But I'll stop writing now and let you get to your day.

Thursday, January 20, 2011

The distant war

A young man who's a regular customer at our Starbucks recently accepted a job opportunity in Afghanistan. He was working construction at the Bill and Melinda Gates Foundation site across the street from us one day, and then came in to tell us goodbye, that he would be shipping off the next day for Afghanistan. The opportunity of a lifetime. I didn't envy his destination, but I agreed that it could be an incredibly eye-opening experience. We said goodbye and he said he'd be back in a few months.

He walked into Starbucks yesterday morning, and I did a double-take. "Back so soon?"

He explained that he was kicked out of the compound where he was stationed because he lost his security badge. It would have cost the company more money to provide him escorts for several days while they issued a replacement than it would cost for them to ship him home. So here he was, back to life as usual.

"It was so crazy over there," he said, "Unreal."

I think he was there for maybe two weeks. He said he couldn't sleep. He wore earplugs, but they couldn't block out the sound of fighter jets flying overhead, or the missiles, or the explosions in the distance.

"It's real over there, the war...." His eyes got big as he spoke. "I wasn't too disappointed to come home."

I shook my head. "I can only imagine."

But really, I can't imagine. What it's like to sleep like that every night, except not in a secured compound. In a village or a city or a town, under fire continually - as in, the war never ceases.

People don't take a day off from war. They don't go on a vacation. It's just their lives. War covers everything, like a cancer spreading from cell to cell in the body. I guess it can be "treated," but at a high, high price - probably the highest price - with lives and futures, the loss of physical and/or mental health, loss of safety, a decimated country, a gasping economy, a bleeding government, and even something as basic as loss of sleep. But I don't know this from experience. I don't know what it's like to live in this reality, to never know when or if it will end in my lifetime, or if my lifetime will end first. Will my loved ones come home that day? Will the war invade my town, my neighborhood, my home? People in the midst of war zones seem to not even have the luxury of deciding whether or not they will live in the moment; it just is.

Standing behind the counter of Starbucks in the coffee Mecca of North America, inside a spacious and abundant grocery store, I felt even more removed from the war. From the Afghani people, whom I admit, I think of very rarely. And I thought, that could be me. Except, right now it's not me. It's a struggle not to feel completely guilty about that, so spoiled and privileged, but that wouldn't really honor the people whose lives are caught in the prison of war.

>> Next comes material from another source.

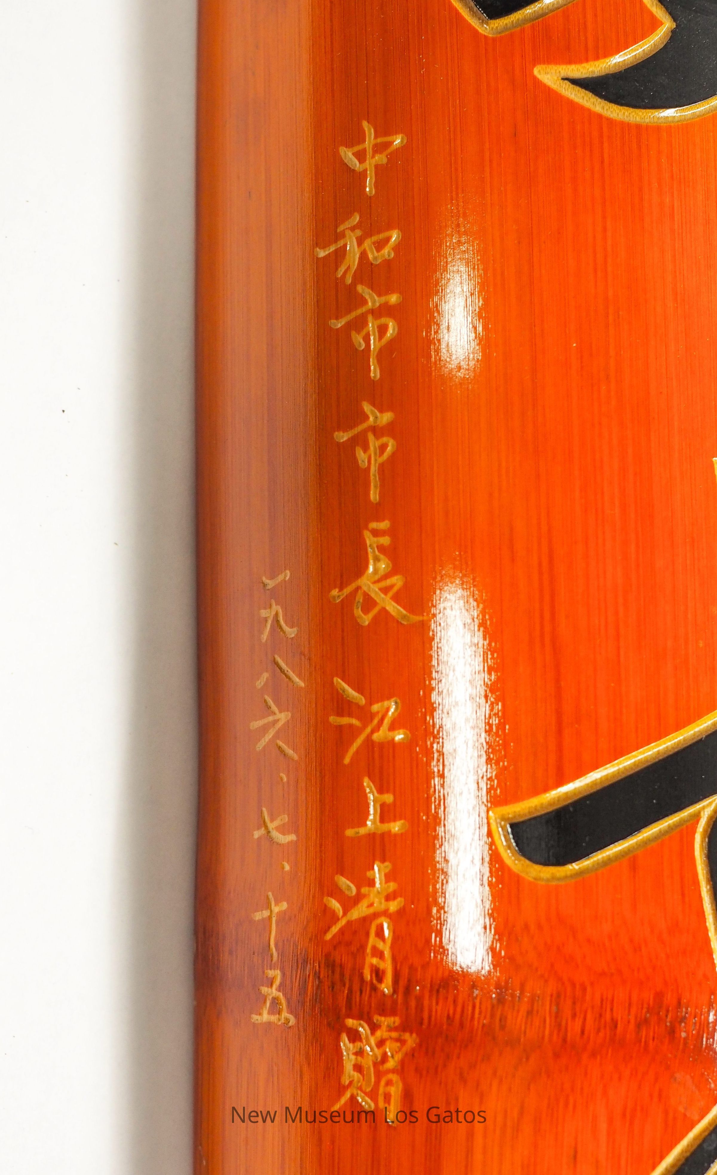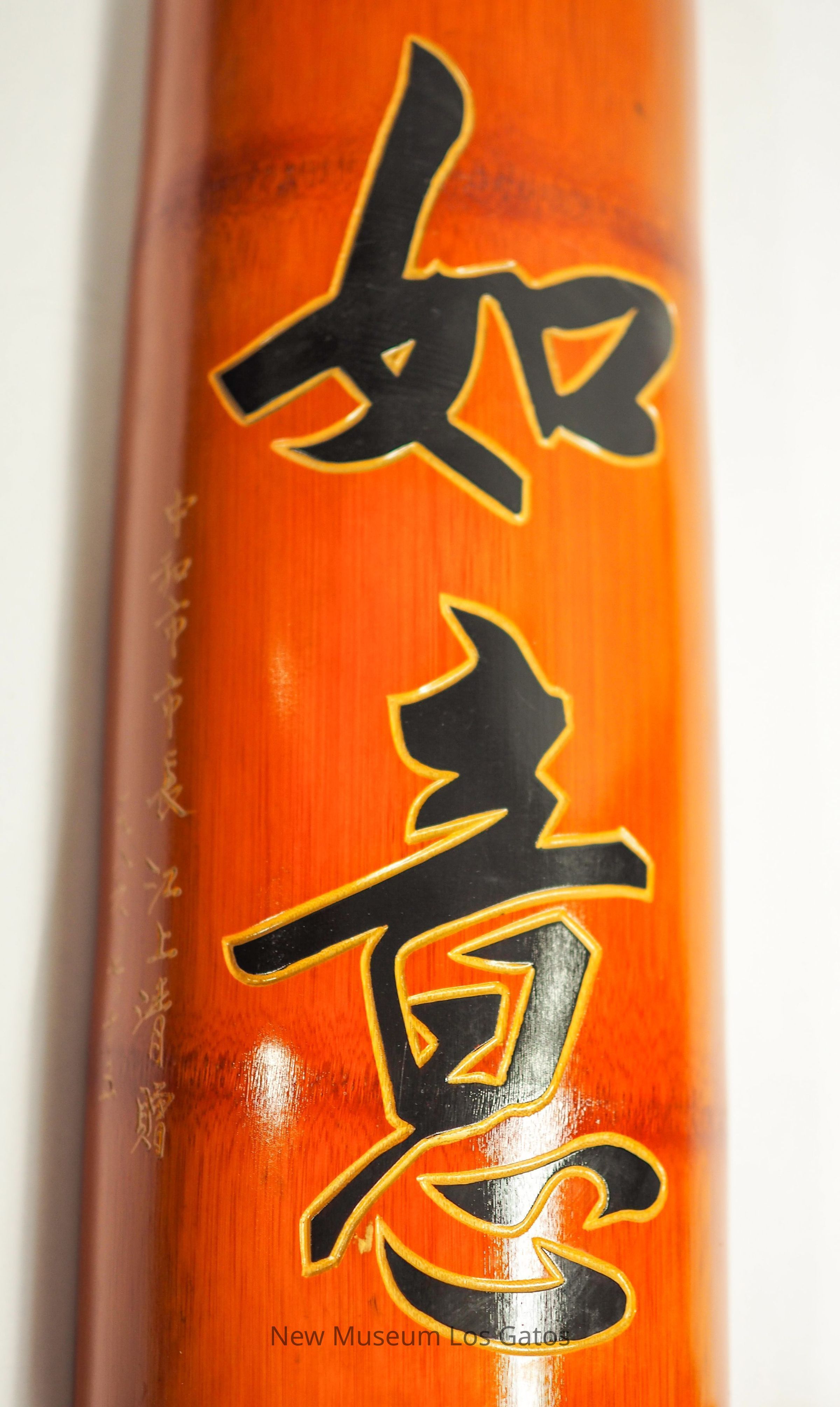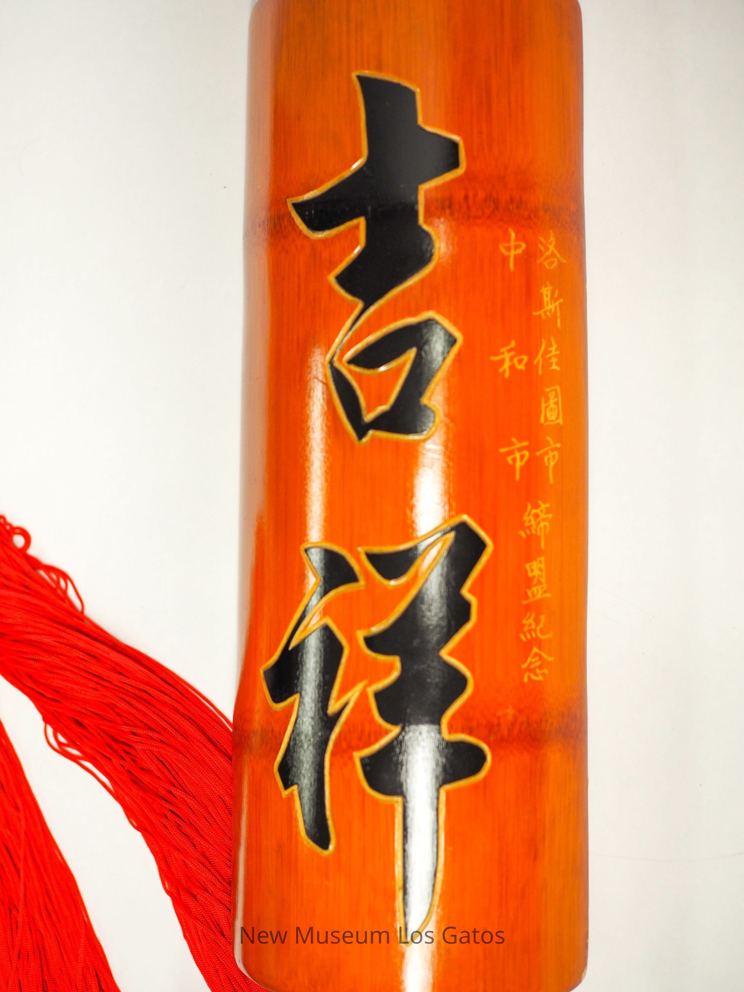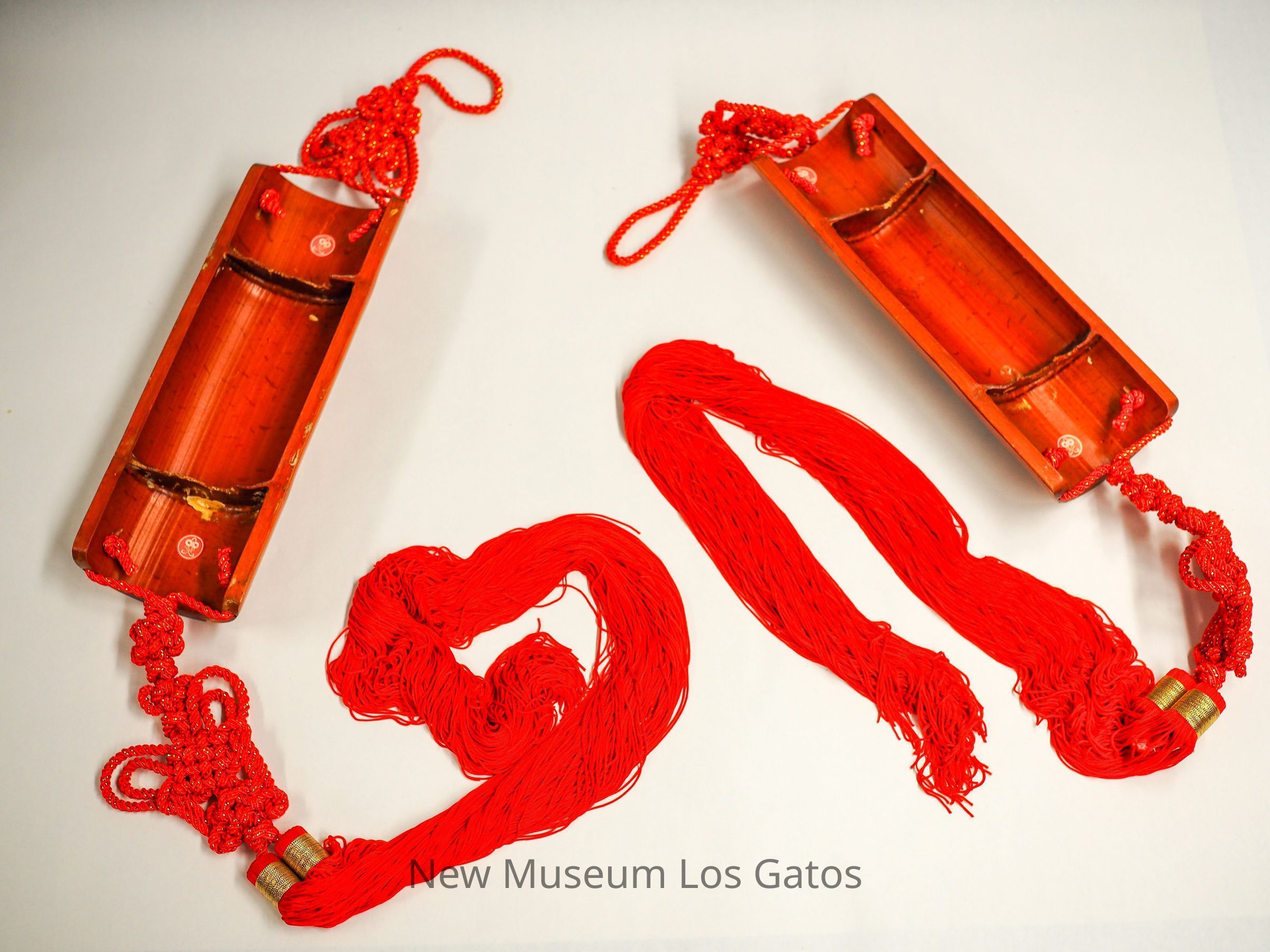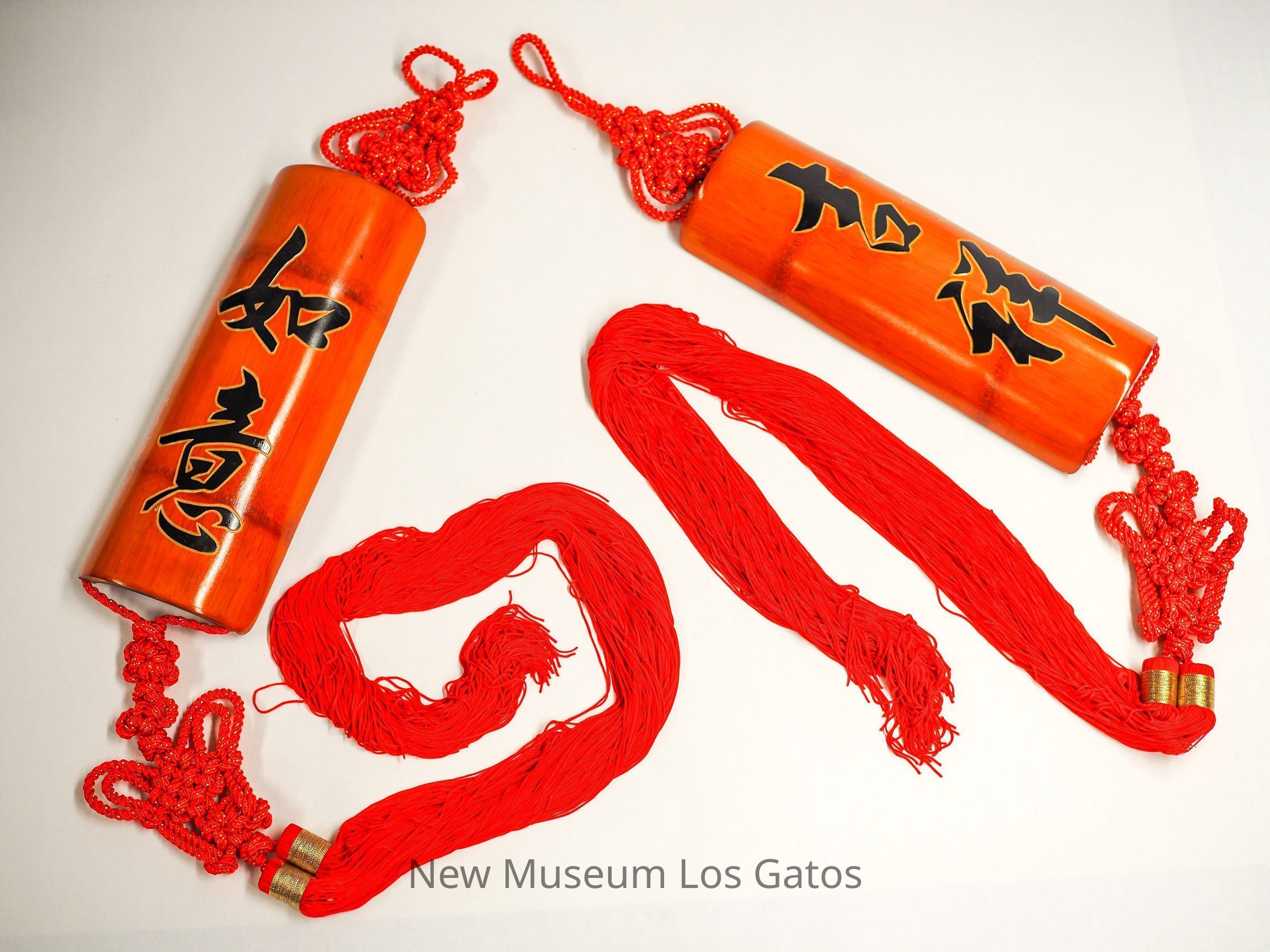 Two commemorative hanging signs with black and gold text and large red tassels.Collection

Instead of giving into the guilt, perhaps I can remember the Afghani people and honor them with how I invest what I have been given today.


Wednesday, January 19, 2011

What's your story?

I finally have a satisfactory reply to the standard social question, "What do you do?" That question, whether I like it or not, is indirectly asking, "Who are you?" in a soundbite. In other words, give me the paraphrased, let-me-look-you-up-and-down-in-a-quick-glance answer. Well, my answer is, I'm a writer.

While this may seem like stating the obvious to you, like commenting, "It rains in Seattle," to me it's a wonderful, liberating breakthrough statement about myself. On the outside, I look pretty calm and collected when I utter these words, but on the inside, I am jumping and clicking my heels together in mid-air. And there too many reasons this is so, but I'll only jump into a few of them right now. And contrary to how it may look, I'm not feeling liberated by some title that defines me. No, I'm over being defined by what I do (it was sooo last decade); it's actually much bigger and more exciting than that.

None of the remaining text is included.